Although the Fund came into existence at an international economic conference, it is an American creation managed by American appointees, manipulated by U.S. Treasury officials, and built on the foundation of the U.S. dollar, the primary world reserve currency.

His critique is both economic and ideological. IMF officials may call for privatization, fiscal restraint, anti-corruption measures, or monetary reform, and Sennholz concedes that some of these recommendations are sound. But he objects that they are enforced through subsidized credit rather than market discipline. The Fund therefore mixes reform rhetoric with moral hazard: it protects governments and lenders from the full consequences of prior monetary, fiscal, and political mistakes.

When their appeals to reason and propriety are not heard, their power of persuasion with billion-dollar loans is clearly felt throughout the developing world.

Sennholz is especially critical of IMF advice that presses low-tax countries toward the fiscal patterns of welfare states. In his Guatemala example, a recommendation for higher revenue becomes evidence that the Fund exports redistributionist assumptions under the language of stabilization. Indonesia supplies the practical case: military privilege, monopolies, subsidies, price controls, and currency collapse cannot be cured by a large rescue package if the underlying political economy remains intact.

The theoretical core of the essay is that crisis is the necessary correction after credit expansion and exchange-rate manipulation have misdirected production and finance. Bailouts delay liquidation, preserve unsound arrangements, and teach borrowers and lenders to expect rescue. Against this, Sennholz calls for lower taxes, balanced budgets, freely adjusting interest rates, honest monetary institutions, and the refusal to rescue failed financial managers.

His final argument is a moral-hazard indictment of the IMF’s very purpose. Since private lenders would not voluntarily lend to many crisis governments on ordinary terms, the Fund necessarily attracts the weakest borrowers and socializes their risks.

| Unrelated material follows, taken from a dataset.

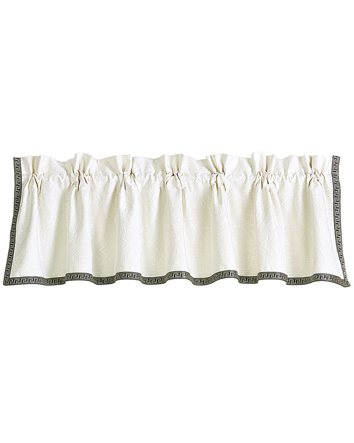This creation comes from none other than HiEnd Accents, a company that specializes in only the best western and home decor. With its vintage white matelasse fabric with black Greek key trim and rod pocket design, this valance is the perfect finishing touch to your bedroom. It is a part of the Augusta bedding collection but can stand alone as a single piece.

In other words, only unstable high-risk debtors may apply.

The essay’s enduring significance lies in its compact Austrian-style critique of sovereign bailouts: monetary intervention creates distortions, international rescue prevents correction, and political lending replaces market judgment. For Sennholz, the IMF does not solve financial crises; it perpetuates the institutional conditions that make them recurrent.